GAP VETERAN DEROSA TO BECOME PRESIDENT OF ANN TAYLOR DEC. 9

Byline: David Moin

NEW YORK — Patricia DeRosa, a veteran of Gap and a builder of new businesses, will become president and chief operating officer of Ann Taylor Stores Corp. on Dec. 9.
Since August 1995, she has been executive vice president of Charming Shoppes, where she launched the International Exchange division for moderate men’s, women’s and children’s apparel. Currently, Exchange has just one store, a 13,900-square-foot unit located north of Trenton, N.J. It’s considered a test for future stores and has been compared to Gap’s Old Navy concept.
Before that, DeRosa had a long run at Gap. “She was one of Mickey’s kids,” said a source, referring to the team under Millard Drexler, Gap’s chief executive officer and top merchant, who is largely credited for Gap’s phenomenal success in wardrobing America in casual clothes and adeptly reinventing itself over the last two decades.
DeRosa joined Gap in 1975 as a sales associate and rose through the ranks as a merchant. Among her top jobs, she was senior vice president of men’s for the Gap division from 1989 to 1991, Gap division executive vice president (the top slot at the time) from 1991 to 1993 and president of GapKids from 1993 to 1995, where she was charged with expanding the business from 275 to 350 stores. She was also instrumental in launching Gap shoes and Old Navy.
Announcing DeRosa’s appointment, Ann Taylor chairman and ceo J. Patrick Spainhour said in a statement Monday, “From her long and successful experience at the Gap and GapKids, Patti understands how to build a brand and how to manage a vertically integrated design, merchandising and sourcing organization.” DeRosa reports to Spainhour, who oversees finance and operations.

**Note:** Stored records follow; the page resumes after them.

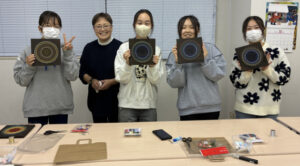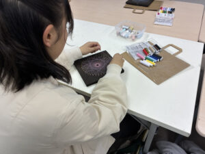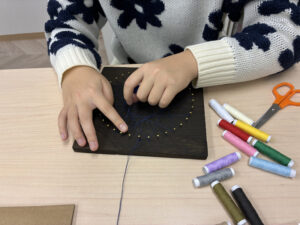 中高生クラスの2025年12月の実習は「ストリングアート実習」 釘に糸を引っ掛けて、不思議な模様を作ります。
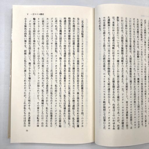 「超男性」は、さらに情愛と機械に話が進む。その前振りが自転車と機関車のレースだが、眩惑するような物語の本質は同じだ。すなわち、運動において肉体と機械を同一化し、精神を超克する超人願望だ。従って、最も機械化された運動である自転車は必然であったわけだ。イタリア未来派は自動車を礼賛したが、それよりも数年早く、ジャリは幻影のうちに人間を自転車に託した。
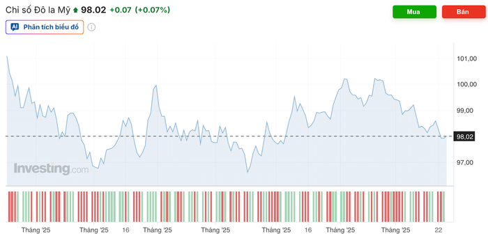Trên thế giới, chỉ số USD Index - thước đo sức mạnh của USD so với 6 đồng tiền chủ chốt (EUR, JPY, GBP, CAD, SEK, CHF) nhích nhẹ lên ngưỡng 98,2 điểm.
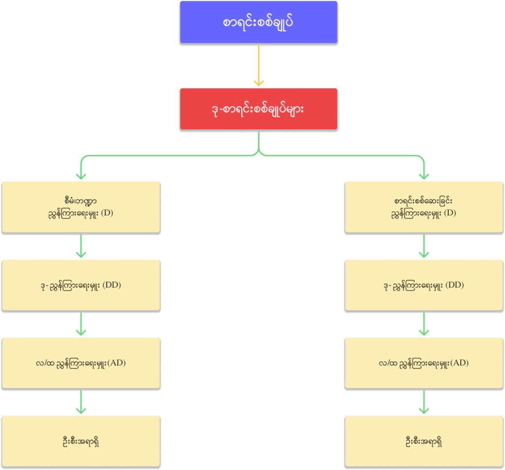 - (၆) ဘဏ္ဍာငွေ လေလွင့်ဆုံးရှုံးမှု့မရှိစေရန် ၊ ပွင့်လင်းမြင်သာမှု့ရှိစေရန်၊ တာဝန်ယူ တာဝန်ခံမူများကို ထိ ရောက်စွာ ဆောင်ရွက်နိုင်ရန်။

At Ann Taylor, she succeeds Sally Frame Kasaks, who was ousted last summer, some think prematurely. Ironically, since her departure, Ann Taylor has performed well, and some of her remerchandising efforts paid off in the third quarter. In fact, the chain reported some of the strongest comparable-store sales of any major retailer in the period. For the quarter, Ann Taylor posted earnings per share of 21 cents, up from 3 cents in last year’s quarter. Sales rose 19 percent to $213 million. Same-store sales were up 12.6 percent, coming off an 11.3 percent drop the year before.
However, sources cited Ann Taylor’s roller-coaster performance over the longer term and the steady exodus of top executives from Kasaks’ team.

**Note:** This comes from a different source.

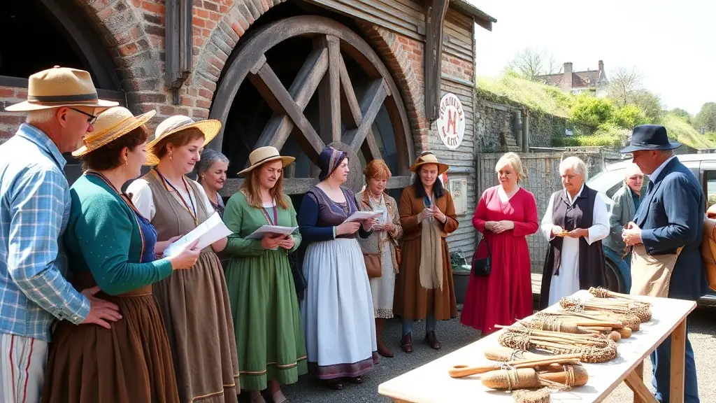 A lively scene from a cultural event held at the tidal mill, featuring traditional music, local crafts, and community members enjoying the festivities.

Market experts say Ann Taylor’s merchandise quality this fall is improved and there’s more of what the traditional Ann Taylor shopper wants to buy, in casual and career wear, outfits and basics that tend to be all a little different from other store offerings.
The chain has been under pressure to find a new president quickly because of the need to get started developing the fall 1997 assortments and bolster the stock price. Ann Taylor stock closed Monday at 21 1/8, up 1/2 on the New York Stock Exchange. The stock has traded as high as 24 1/4 and as low as 9 1/4 in the past 12 months.
Reportedly, about 70 names were drawn up early in the search, which lasted 2 1/2 months and was conducted by Hal Reiter, president of Herbert Mines Associates.
While many on Wall Street approved of DeRosa’s appointment, announced Monday, it still came as somewhat of a surprise. Her experience at Gap and Charming kept her relatively low-profile, working under the shadow of Drexler at Gap and Dorritt Bern, the Charming ceo. More often, it was the marquee names in retailing that were rumored to be candidates for the Ann Taylor post, among them Jeane Jackson, Banana Republic president, though Gap is known for keeping a tight grip on its executives.
“DeRosa was not on the original rumor list of expectations, but more recently her name was bandied about,” said Maura Hunter Byrne, J.P. Morgan Securities, retail analyst. “It probably had to do with the fact that Mr. Spainhour was the Gap’s senior vice president of sourcing from 1988 to 1993.” Spainhour and DeRosa worked together at Gap for five years.
Byrne said DeRosa has “an interesting background to keep Ann Taylor on track. She needs to add some bench strength to the merchandising team. They’ve lost some people over the past couple of years and primarily promoted from within. Her first order of business would be to assess the breadth and depth of the merchandise team.”
“She may have some different ideas on how to run the business, but Ann Taylor still is a very strong brand,” added Thomas Filandro, senior vice president, retail analyst, Gerard Klauer Mattison & Co. “It still commands very high loyalty. I think the real key is to maintain strict controls on quality and intensifying less-structured and more casual assortments.”
DeRosa said in a statement that the 311-unit Ann Taylor “can build on its successes and be even more successful in the future.”